REV7 confers radioresistance of esophagus squamous cell carcinoma by recruiting PRDX2

Affiliations

REV7 confers radioresistance of esophagus squamous cell carcinoma by recruiting PRDX2

Cheng Gu et al. Cancer Sci. 2019 Mar.

Abstract

Radiotherapy has been widely used for the clinical management of esophageal squamous cell carcinoma. However, radioresistance remains a serious concern that prevents the efficacy of esophageal squamous cell carcinoma (ESCC) radiotherapy. REV7, the structural subunit of eukaryotic DNA polymerase ζ, has multiple functions in bypassing DNA damage and modulating mitotic arrest in human cell lines. However, the expression and molecular function of REV7 in ESCC progression remains unclear.

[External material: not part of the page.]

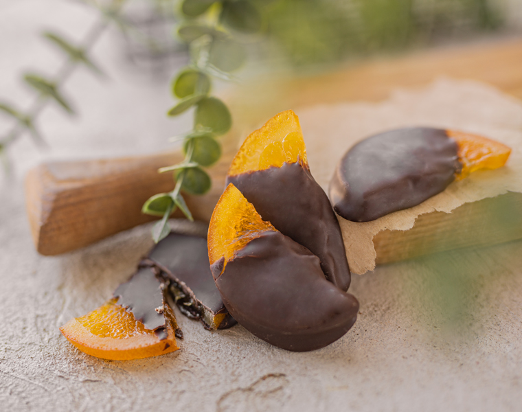 Каждая сочная апельсиновая долька покрыта на две трети густым слоем темного шоколада, в котором содержание какао-продуктов достигает 60%. Благодаря содержащемуся кофеину, горький шоколад поможет взбодриться, стимулируя умственную и физическую деятельность.

In this study, we first examined the expression of REV7 in clinical ESCC samples, and we found higher expression of REV7 in ESCC tissues compared to matched adjacent or normal tissues. Knockdown of REV7 resulted in decreased colony formation and increased apoptosis in irradiated Eca-109 and TE-1 cells coupled with decreased tumor weight in a xenograft nude mouse model postirradiation. Conversely, overexpression of REV7 resulted in radioresistance in vitro and in vivo. Moreover, silencing of REV7 induced increased reactive oxygen species levels postirradiation. Proteomic analysis of REV7-interacting proteins revealed that REV7 interacted with peroxiredoxin 2 (PRDX2), a well-known antioxidant protein. Existence of REV7-PRDX2 complex and its augmentation postirradiation were further validated by immunoprecipitation and immunofluorescence assays. REV7 knockdown significantly disrupted the presence of nuclear PRDX2 postirradiation, which resulted in oxidative stress. REV7-PRDX2 complex also assembled onto DNA double-strand breaks, whereas REV7 knockdown evidently increased double-strand breaks that were unmerged by PRDX2. Taken together, the present study sheds light on REV7-modulated radiosensitivity through interacting with PRDX2, which provides a novel target for ESCC radiotherapy.

Keywords: DNA double-strand breaks; PRDX2; REV7; radioresistance; reactive oxygen species.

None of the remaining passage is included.